De Hoge Raad behandelt de vraag of het Hof terecht heeft geoordeeld dat artikel 241 van de Gemeentewet van toepassing is. Dit artikel is bedoeld om te voorkomen dat er afzonderlijke procedures worden gevoerd over dezelfde feiten en omstandigheden die zowel van belang zijn voor de heffing van onroerendezaakbelastingen als voor de vaststelling van de waarde van de onroerende zaak. De Hoge Raad oordeelt dat het Hof terecht heeft vastgesteld dat in dit geval sprake is van een situatie waarin artikel 241 van de Gemeentewet van toepassing is. De Hoge Raad verklaart het beroep van het college ongegrond en bevestigt de uitspraak van het Hof.

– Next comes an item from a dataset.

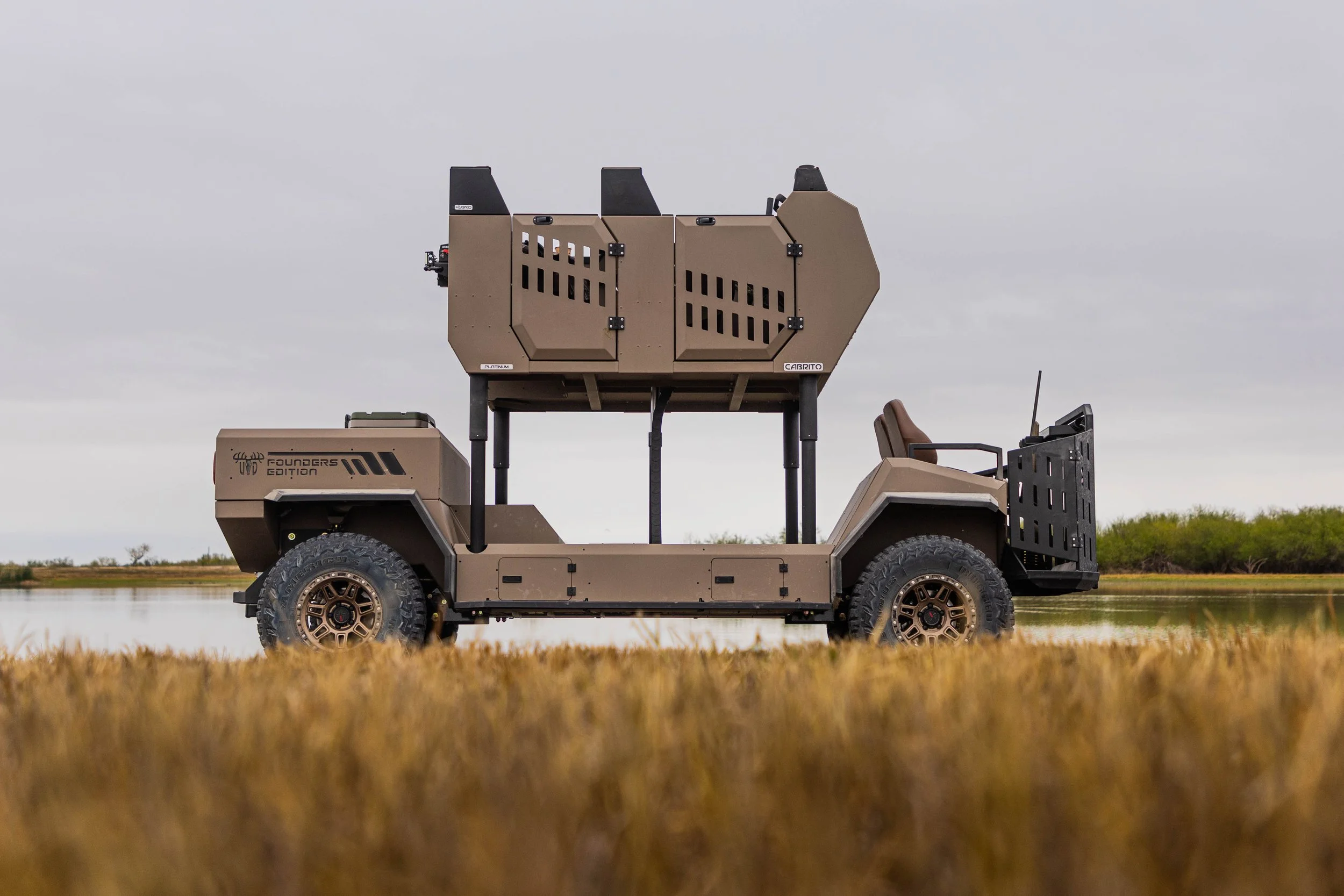 Hybrid-Electric Powertrain (45-50 mi. Pure Electric Range*)Onboard Range Extender Generator (Additional 75 mi. Range*)Integrated Plug-In ChargerPatented Articulating Passenger Cab (Drive with Cab in Any Position)Full-Time Electric 4WD with Dual High Torque Motors and ControllersFront and Rear Off-Road Coil-Over SuspensionAll Terrain Tires (30” or 32”, Depends on Package)Seating for 4 People in Cab / 2 People on Quail PlatformTouchscreen Information Display and Management SystemMultiple Gun Racks and Cup HoldersRoad Feeder System

De Hoge Raad acht geen termen aanwezig voor een veroordeling in de proceskosten. Dit arrest is gewezen door de vice-president E. Korthals Altes als voorzitter, en de raadsheren L. Monné, P.J. van Amersfoort, J.W. van den Berge en C.J.J. van Maanen, en is openbaar uitgesproken op 28 juni 2002. Tevens wordt er een griffierecht geheven van € 327, waarbij een eerder betaald bedrag van f 327 (€ 142,94) in mindering wordt gebracht, zodat er nog € 184,06 resteert.